In a message dated 05/09/2002 09:36:49 GMT Daylight Time, rt@cygnets.co.uk 
writes:


> I said that I would like to "future proof" my forms by starting to write
> them in xforms.
> Responses pointed out that xforms is only at working draft 1.0 so any
> xforms generated now might require to be revised several times.
> 
> This triggered the, probably silly, idea that all XML specifications
> (XFROMS, XHTML etc. etc.) should include XSLT stylesheets that would
> take a document conforming to that revision of the specification and
> spit it straight back out.
> 
> This sounds a bit pointless. However such a specification would mean
> people instantly had working stylesheets, conforming to the
> specification, which they could begin to modify. It would also mean
> that, with a bit of cutting and pasting between two specifications,
> stylesheets could be generated that would update xforms compliant with
> earlier specifications to the latest revision. It might even help with
> the generation of stylesheets that translate between say Xforms and
> XHTML, if only for UI markup purposes. Having working stylesheets would
> be a big boost to people like myself who are trying to quickly get to
> grips with several new technologies and it would help standardisation
> and long term maintenance.
> 
> Is this a silly idea, if so why? - fire away.
> 
> Robert

Robert,

It's both a sensible idea and a silly idea. And it's not new.

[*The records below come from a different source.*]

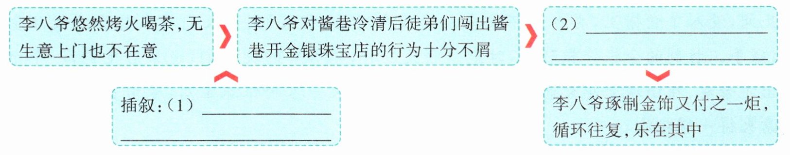 李八爷断然拒绝徒弟家旺要他去店里“坐堂”的邀请@@酱巷无酱却有名,家家户户都是金银匠,李八爷手艺最为精湛@@该句运用引用和排比的修辞手法,引用古诗词中“万点轻”“黄金缕”“泛流霞”等词,并三次强调“真个是”,富有气势,生动地展现了李八爷琢制的金饰之轻薄、精美,表现了李八爷琢制技艺的精湛,同时增添了文章的诗意和文采。@@(示例一)A句朗读设计:“手艺人”三个字读得一字一顿、铿锵有力,“这样”重读,整句话语调逐渐低沉,最后的语气词拖长音。设计理由:这样设计,更能体现李八爷对手艺人身份的极度看重,对徒弟及晚辈后生们为追逐利益而舍弃手艺行为的极度反对和沉痛,也更好地体现了李八爷对传统技艺的坚守与淡泊名利的品格。 (示例二)B句朗读设计:“手艺人”“不当”重读,整句话放缓语速,读得一字一顿,语气坚决。设计理由:这样设计,更能体现李八爷对手艺人身份的极度看重,认为手艺人就该坚守自己的技艺和初心,不为名利所驱使,也更能体现出李八爷对传统技艺的坚守与淡泊名利的品格。@@①徒弟家旺的顺应潮流与李八爷的淡泊坚守形成鲜明对比,更能突显李八爷对传统技艺的坚守与执着。②徒弟家旺的言辞反映了机器化大生产对传统手工艺行业的冲击,透露出当下民间手工艺日趋没落的无奈现状,更能引起读者的思考。@@示例一:选①。小说标题《琢磨》既指琢制金银饰品的过程和匠人的精湛手艺,又指时代洪流对手艺人精神的打磨和淬炼。小说中的手艺人李八爷,一生都在自己的手艺领域精耕细作、精益求精,即便手工金银饰品随着时代发展而逐渐被冷落,他也始终没有放弃自己的手艺,坚守着初心不为名利所诱。“择一事,终一生,把一件事做到极致,这就是匠心”这句话正是对像李八爷这样的手艺人精益求精、淡泊名利、纯粹坚守精神的高度概括。所以,我认为这句话更能概括小说的主题。
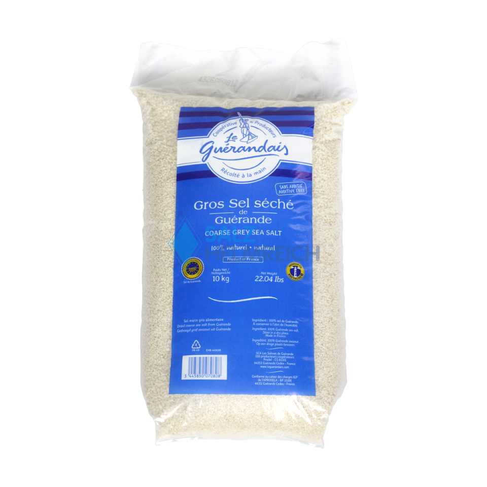 Le Guerandais Gros Sel de Guérande, auch bekannt als Sel Gris, ist ein trockenes, grobes Atlantik-Meersalz. Es ist reichhaltig an Mineralien und ohne Zusatzstoffe. Das beliebte graue Meersalz wird in den Salzgärten im Süden der Bretagne auf der Halbinsel Guérande gewonnen. Dieses hochwertige, grobe Meersalz ist perfekt für Genießer, die Wert auf Qualität und Tradition legen!
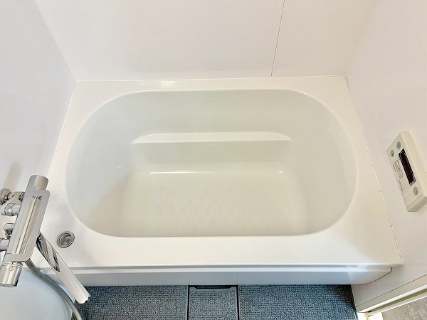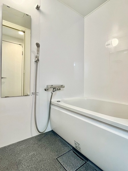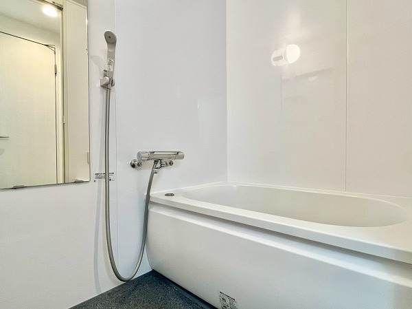 清潔感のあるホワイトを基調としたバスルームは、すっきりとした印象のリラックススペース。広さのあるバスタブにゆったりと身を預ければ、1日の疲れが癒されそうです。バスタブ周り・壁面は凹凸が少ないシンプルな設計で、お掃除も楽々行えます。
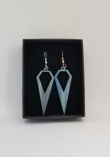 Boucles d'oreilles en bois recouvertes en marquèterie de paille de couleur bleue jeans, forme triangle.

It's sensible, in principle, because (assuming it were possible) it would be 
nice to be able to use XSLT to update documents which conform to a W3C 
Working Draft to be documents which conform to a final Recommendation.

Why is it not possible, at least using XSLT 1.0 alone?

XSLT is built on XPath. XPath has no way to access or manipulate the DOCTYPE 
declaration. The DOCTYPE declaration inevitably changes between a Working 
Draft and a full Recommendation. So you can't use XSLT to update all of the 
document.

So, it cannot be done using XSLT alone.